We will see how to merge on columns that have the same data, but different columns this week. When there is no columns that match value to value, you have to transform and add new columns, combining what we learned about cleaning data to make them line up somehow. For example, maybe one dataset has dates like YYYY-MM-DD and the other data set has only months like “January”. You could split the whole date into three columns and transform the strings to numbers or numbers to strings by treating the columns as dates

11.9.7. Why did we merged on ‘PLAYER_ID’?#

We were interested in linking based on the players.

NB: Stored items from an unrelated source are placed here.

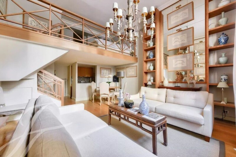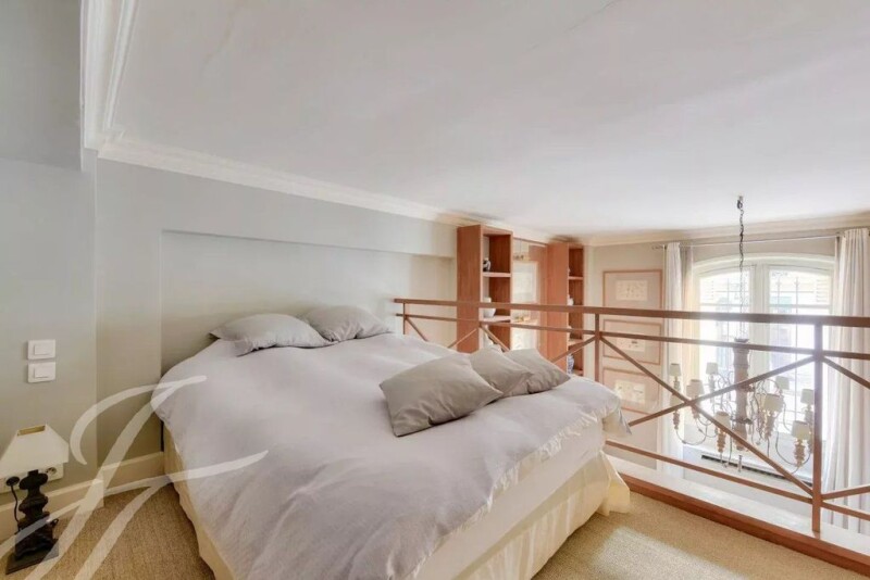 In a superb secure private mansion on Place des États-Unis, charming studio of 40.42 sqm (Carrez law) or 44 sqm (livable) on the ground floor facing the street, sold fully furnished and decorated. It includes : - a spacious living room with approximately 4 meters high ceilings, adorned with large illuminated bookshelves, - a semi-closed equipped kitchen opening onto the living room, - a staircase leading to a 13 sqm mezzanine including a bedroom with a beautiful shower room and toilet. Refined decoration for this ideally located apartment in the privileged and secure district of the 16th arrondissement between Avenue d'Iéna and the Golden Triangle of the 8th arrondissement. État des risques et pollution: réalisé (null).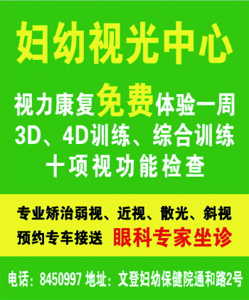 随着国家对青少年儿童眼健康的高度重视及眼保健工作开展的需要,文登妇幼保健院率先在烟威地区成立了由三甲医院斜视弱视及小儿眼科专家为核心团队的眼视光中心,引进了全自动综合验光仪、日本尼德克电脑验光仪、裂隙灯、眼底镜、四孔灯、立体视检查本、三棱镜等一系列专业检查设备及3D多媒体综合训练、4D多媒体弱视训练、离子导入、同视机、八通道、舒目镜、增视仪、中药灸疗等先进的矫治训练项目。希望能够帮助更多的孩子解决视力问题。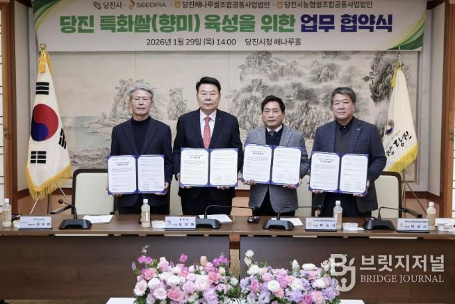브릿지저널 정보영 기자 | 당진시는 지난 29일 당진시청 해나루홀에서 ㈜시드피아, 통합RPC와 함께 ‘신품종 벼 실증 및 유통 활성화’를 위한 3자 간 업무협약을 체결했다고 30일 밝혔다.
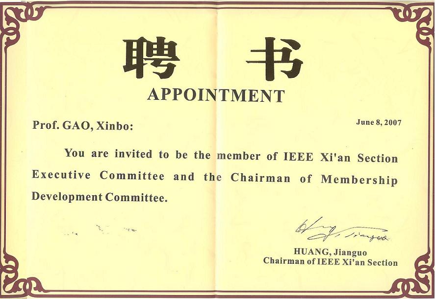 the Academic Committee, Xidian University, 2014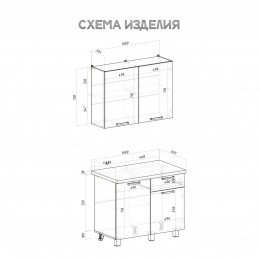 Нижний модуль: 1ОР2, высота - 858 мм (без опор), глубина - 600 мм.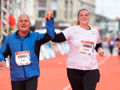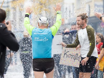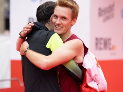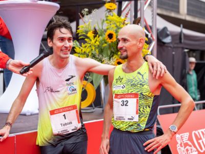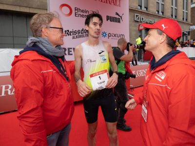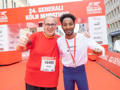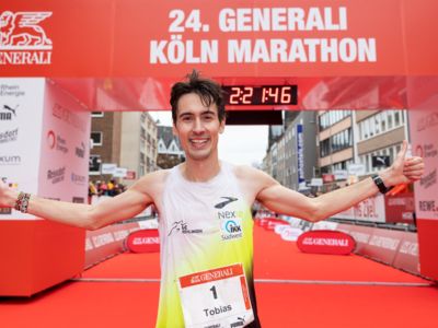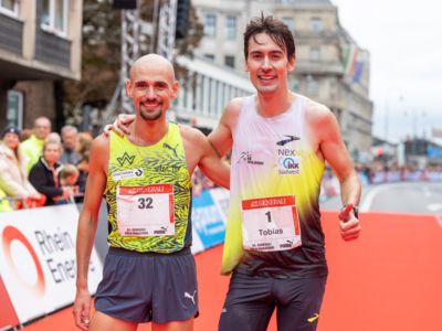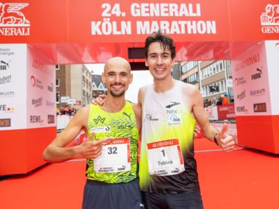 Und Hendrik Pfeiffer, der für seinen Freund beim letzten Rennen bis ins Ziel Tempo gemacht hatte, freute sich mit: „Es war toll, mit ihm gemeinsam auf dem Siegerpodest zu stehen." Eigentlich wollte er nur bis irgendwo jenseits der 30 Kilometer den Pacemaker für Tobias Blum machen, aber dann lief es so gut, dass er bis ins Ziel lief. „So hat der Köln-Marathon nicht nur Spaß gemacht, sondern war auch noch einmal ein gutes Training für meinen Start beim New York-Marathon Anfang November."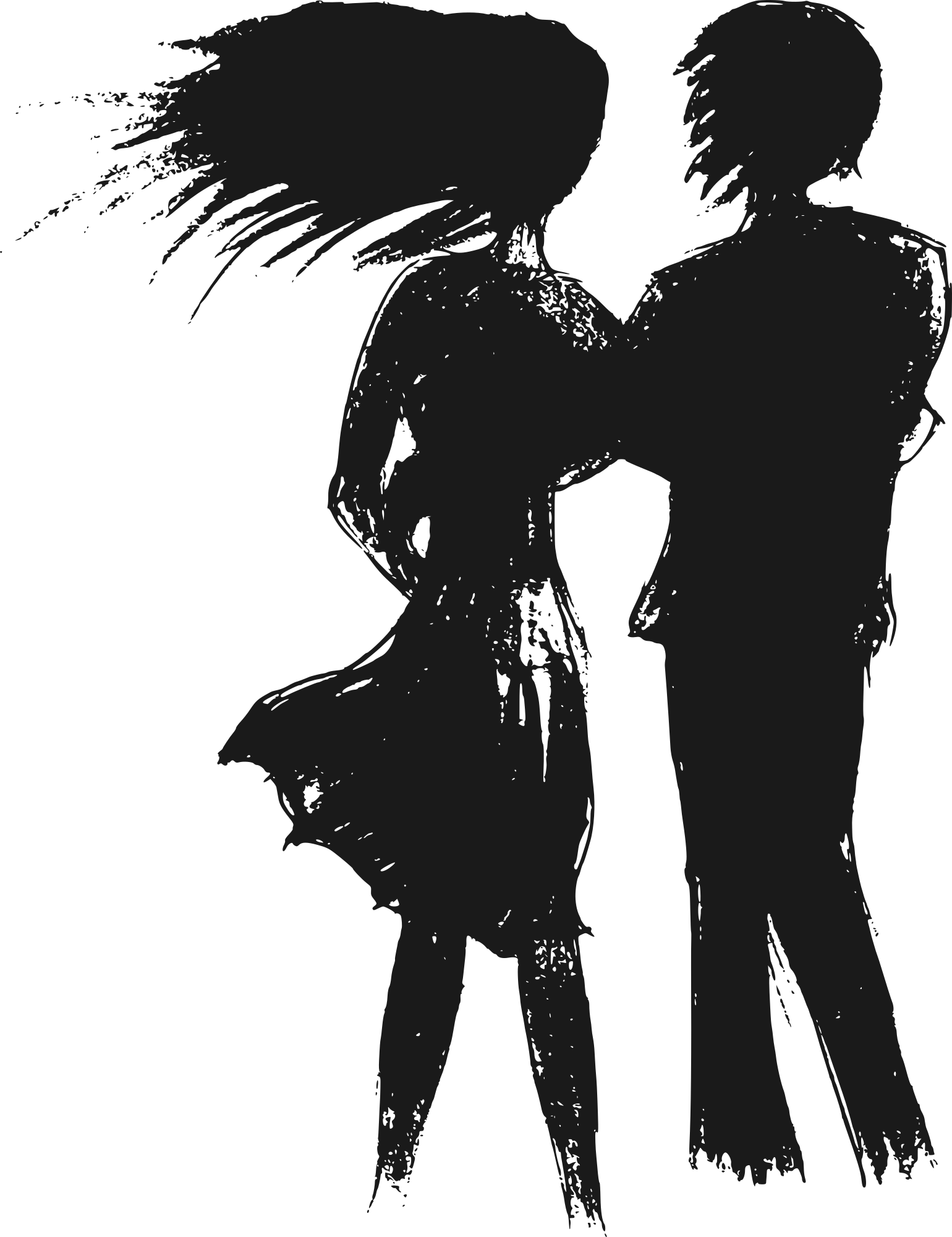 Silhouette of a couple of lovers in wind.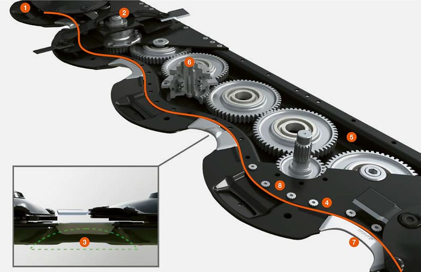 Les pignons satellites perfectionnés combinent les avantages de différents systèmes d'entraînement et confèrent au lamier une efficacité inégalée. Du fait de la forme spéciale du lamier, les pignons satellites de grandes dimensions sont très avancés et s'emboîtent en deux points. L'espacement régulier des disques assure une coupe parfaite dans toutes les conditions de récolte. L'usage exclusif de matériaux de grande qualité garantit une durée de vie maximale. Le lamier MAX CUT est graissé à vie et ne requiert donc aucun entretien.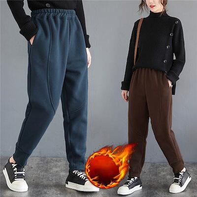 レディース テーパードパンツ 裏起毛 極暖 あったかい 防寒 美脚 ゴムウエスト 綿混紡 暖パン フリース 着やせ 細身 ハールーン風 保温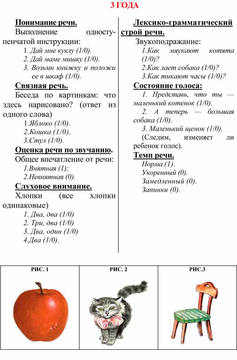 Понимание речи. Выполнение одноступенчатой инструкции: 1. Дай мне куклу (1/0). 2. Дай маме мишку (1/0). 3. Возьми книжку и положи ее в шкаф (1/0). Связная речь. Беседа по картинкам: что здесь нарисовано? (ответ из одного слова) 1.Яблоко (1/0). 2.Кошка (1/0). 3.Стул (1/0). Оценка речи по звучанию. Общее впечатление от речи: 1.Внятная (1); 2.Невнятная (0). Слуховое внимание. Хлопки (все хлопки одинаковые) 1. Два, два (1/0) 2. Три, два (1/0) 3. Два, один (1/0) 4.Два (1/0).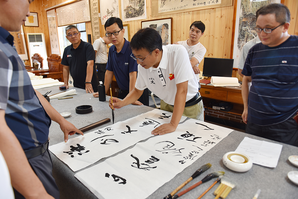 在增峰村望岳书画院,罗华斌老师主讲了一堂书法书画讲座,并现场挥毫,与井字镇文联相关协会会员交流切磋。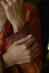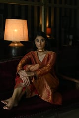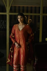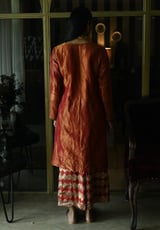 Zeenat Kurta Rust Red Tissue Red Brocade Pallazzo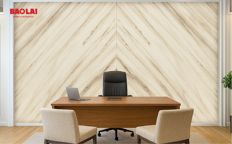 Bookmatch (ghép đá đối xứng) đang là xu hướng lớn trong thiết kế đá marble năm 2025. Nhờ hiệu ứng phản chiếu của vân đá tự nhiên, bookmatch giúp không gian trở nên ấn tượng, sang trọng và có chiều sâu hơn bất kỳ kiểu ốp đá nào khác.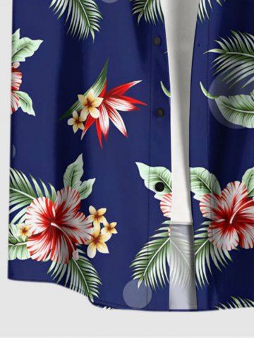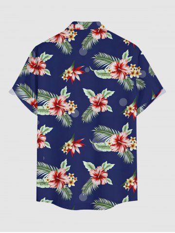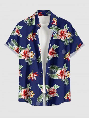 Short Sleeves Shirts > Plus Size Hibiscus Flower Tropical Leaf Print Buttons Pocket Hawaii Shirt For Men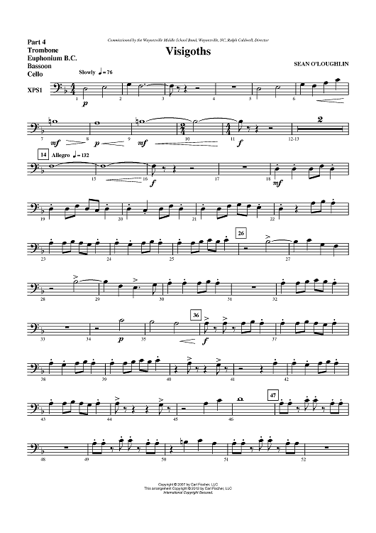 Digital Sheet Music for Visigoths - Part 4 Trombone / Euphonium BC / Bassoon / Cello by Sean O'Loughlin scored for Concert Band; id:431248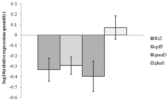Quantitative real-time PCR analysis of expression of four genes (rpfF, gumD, ftsZ, glmS) in X. oryzae pv. oryzae PXO99A in response to 1-DGlcNAc treatment. Values were normalized to the levels of 16S rRNA, an internal reference gene. The y-axis represents mean expression values ± SD relative to the control. The experiment was independently repeated three times.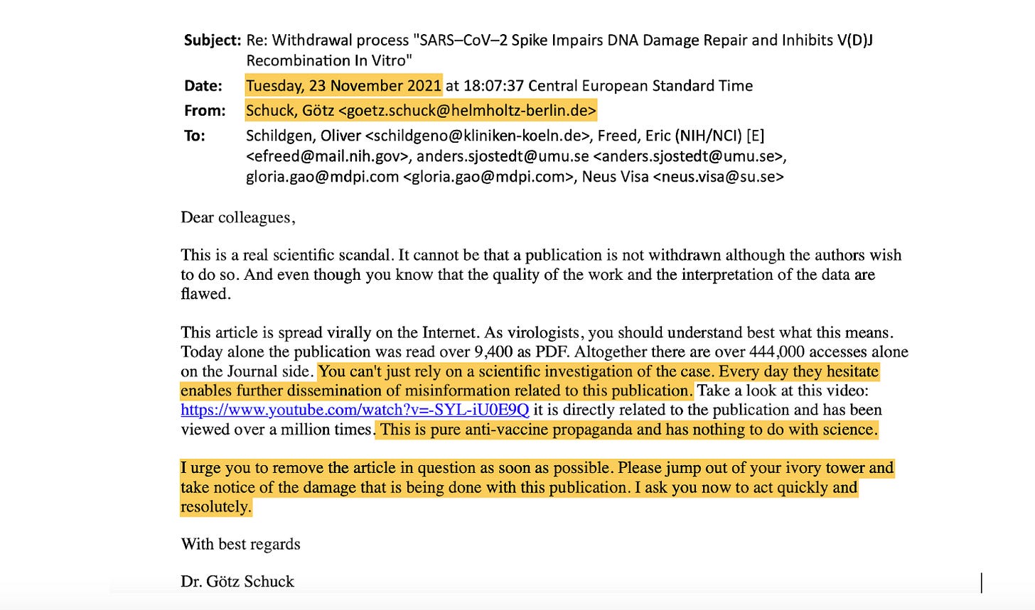 In a follow up email the next day, this time with Stockholm University included, Schuck catastrophised over the “scientific scandal” of the paper remaining online with nearly half a million downloads, urging the journal to “remove the article in question as quickly as possible.”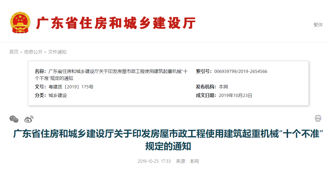 今年以来,广东省住房和城乡建设厅通过专项督查、暗查暗访、委托第三方检验检测机构抽检等方式,对若干在建房屋市政工程使用的建筑起重机械,进行了安全隐患排查。发现相当数量的设备不合格,安全管理风险大。为切实加强对建筑起重机械安装拆卸等危大工程的安全监管,严防安全生产事故发生,广东省住房和城乡建设厅特别制定了《房屋市政工程使用建筑起重机械“十个不准”规定》,予以印发,请有关单位企业
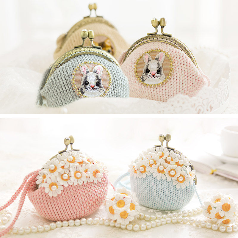 Daisy light green material bag without tools Daisy dark powder material bag without tools Embroidery gouache(rabbit)material bag without tools Embroidery light card(kitten)material without tools Lace Light purple material bag without tools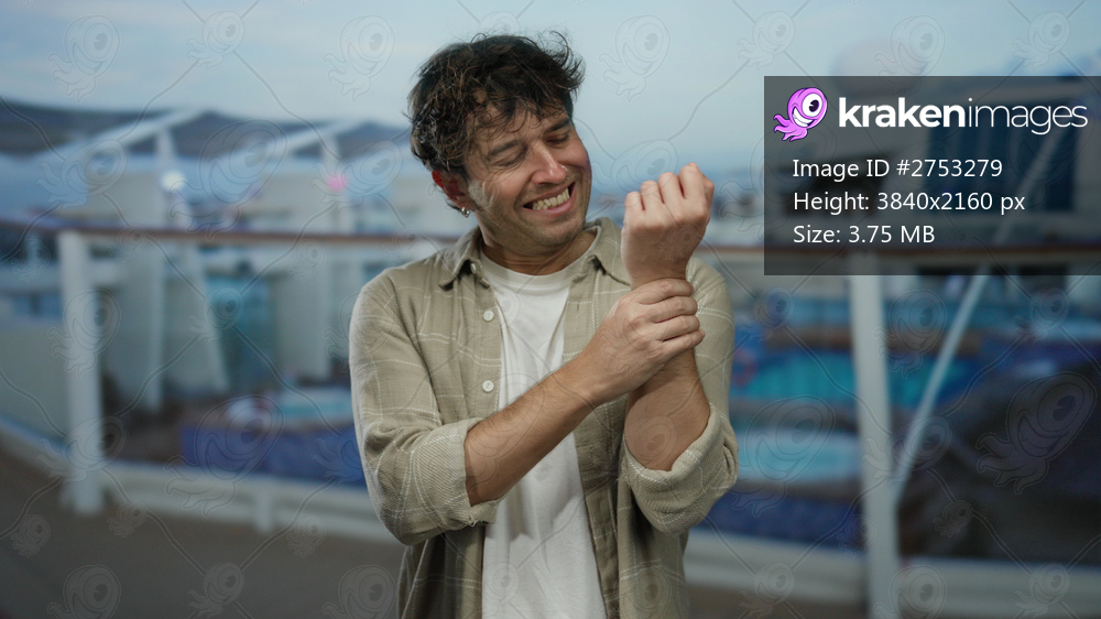 Man standing on a cruise ship deck appears contemplative and concerned, looking at his wrist against a background of modern ship architecture and clear skies. - Kraken Images

11.9.8. What is the second best source after documentation? For ex: you found a parameter that might do what you want it to in pandas, but where do you go after to make sure? I’m not sure if I ran it, I’d specifically know if it “worked”#

Ideally, you should know what you are looking for to know if it worked or not. If you are not sure what you are looking for, that is a good time to try to think that through, or attend office hours. Next is to create an issue on your assignment repo if the question might reveal a solution.

11.9.9. I think I need to understand how GitHub works because I’m following the steps of the assignments and I feel like I’m doing something wrong every time I have to work on GitHub.#

If you are getting feedback, you are close enough. However, I am offering an extra session on GitHub on Friday.